Thermoplastic composites put a new spin on Chinese EV exterior

Thermoplastic composite materials are gaining traction in automotive as they offer many benefits. They have no shelf life issues; they are inherently recyclable; and they enable significant increases in production speed. And there’s one more characteristic that offers promise: aesthetics.

The thermoplastic carbon fiber-reinforced polycarbonate wheelblade insert can survive braking-induced temperatures of up to 150°C.

Thanks to their unidirectional carbon fiber optics and a high-quality surface offered by the polycarbonate matrix, Covestro’s Maezio continuous fiber-reinforced thermoplastic composites reportedly bring a new tool to automotive designers’ toolbox for designing unique appearances. One case in point: they have given the ES8 and ES6, the all-electric SUVs from Chinese electric vehicle startup NIO, a boost on the wheels.

The wheels feature aluminum rims with opt-in carbon fiber blade inserts, designed to lend the vehicle a high-end aesthetic appeal with a lightweight flavor and improved aerodynamics. What Maezio composites bring to the table is a combination of a unique appearance with unidirectional carbon fiber optics and a wide variety of finishing options.

“Maezio composites are a very unique material because they kind of redefine how beauty is associated with carbon fibers,” says Yanbing Wang, senior CMF (Color, Materials, Finishing) designer from NIO. “They have set a new aesthetic direction with the unidirectional strands of fibers that remind me of the flowing shapes of rocks within the Antelope Canyon. It feels dynamic and full of energy.”

To achieve a high level of aesthetics, the choice of the resin system is crucial. Polycarbonates boast high surface quality and optical performance. Furthermore, polycarbnate-based composites are compatible with a wide range of coatings and decoration processes for designing unique surfaces. This makes it possible to develop a matt-coating system for the wheelblade that not only retains the beauty of the unidirectional fibers but also provides the needed protection – wheels are every vehicle’s touchpoints with the road, and as such, must perform flawlessly.

Automotive exteriors exist in a harsh environment, and the requirements are demanding. Parts have to display high scratch, weather, ageing and chemical resistance properties. For wheelblades comes the additional requirement of high heat resistance during braking. Therefore, automotive exterior components not only have to look good after years of use but also perform on an everyday basis under tough conditions.
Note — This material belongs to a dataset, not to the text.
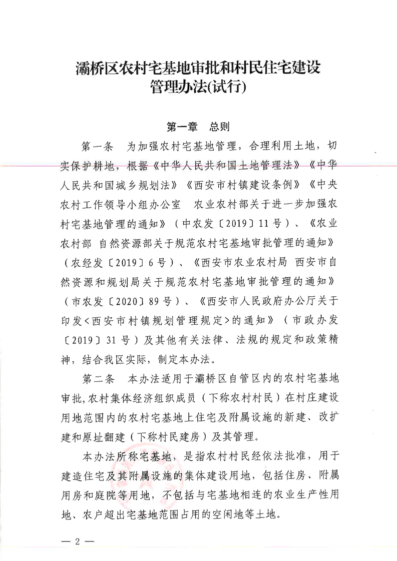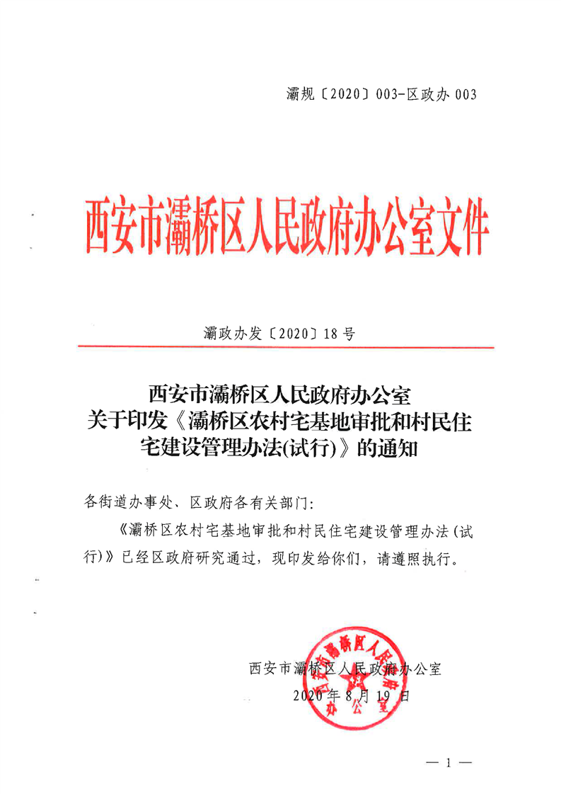 西安市灞桥区人民政府办公室关于印发《灞桥区农村宅基地审批和村民住宅建设管理办法(试行)》的通知 灞规〔2020〕003‐区政办003
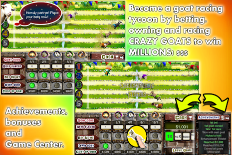 Normal betting rules apply - the likely winners win less cash. This is no normal racing game though. Power-ups, obstacles, cash bonuses and achievements add an unpredictable edge. Not only that but you get to own your own goat. If you have enough cash, you get to own your own goat for one race only. You can then race it by "spanking" or "fingering" your goat as fast as you can to get to the other side. Don't forget to place bets on your own goat and make sure its more than what you paid for your goat or it wont be worth it.

In combination with the coating system, the composite wheelblades have withstood rigorous safety and performance requirements, such as impact, chemical and weather resistance. The Makrolon polycarbonate on which Maezio is based displays high thermal stability qualities so the wheelblade insert can survive braking-induced temperatures of up to 150°C.

For composites to be widely adopted in automotive they also need to be easily integrated with other materials in a multi-material system. Because of their thermoplastic matrix system, Maezio composites can be easily joined with functional components during processing, e.g., through back injection molding. In the case of the wheelblade inserts, they are joined with the aluminum spokes of the wheel through back-molded screw bosses made of polycarbonate. The common resin material makes it easy and secure to bond the two parts.

Maezio composites can be cut and remelted for reuse at the end of life, or reground into short fiber compounds and used in an injection molding process.

“We have proved with this major breakthrough that Maezio composites are a technically and commercially viable material solution in automotive exterior applications,” says Lisa Ketelsen, head of the thermoplastic composite business of Covestro. “The end result is a newly-defined aesthetic direction and benchmark for thermoplastic composites in automotive.”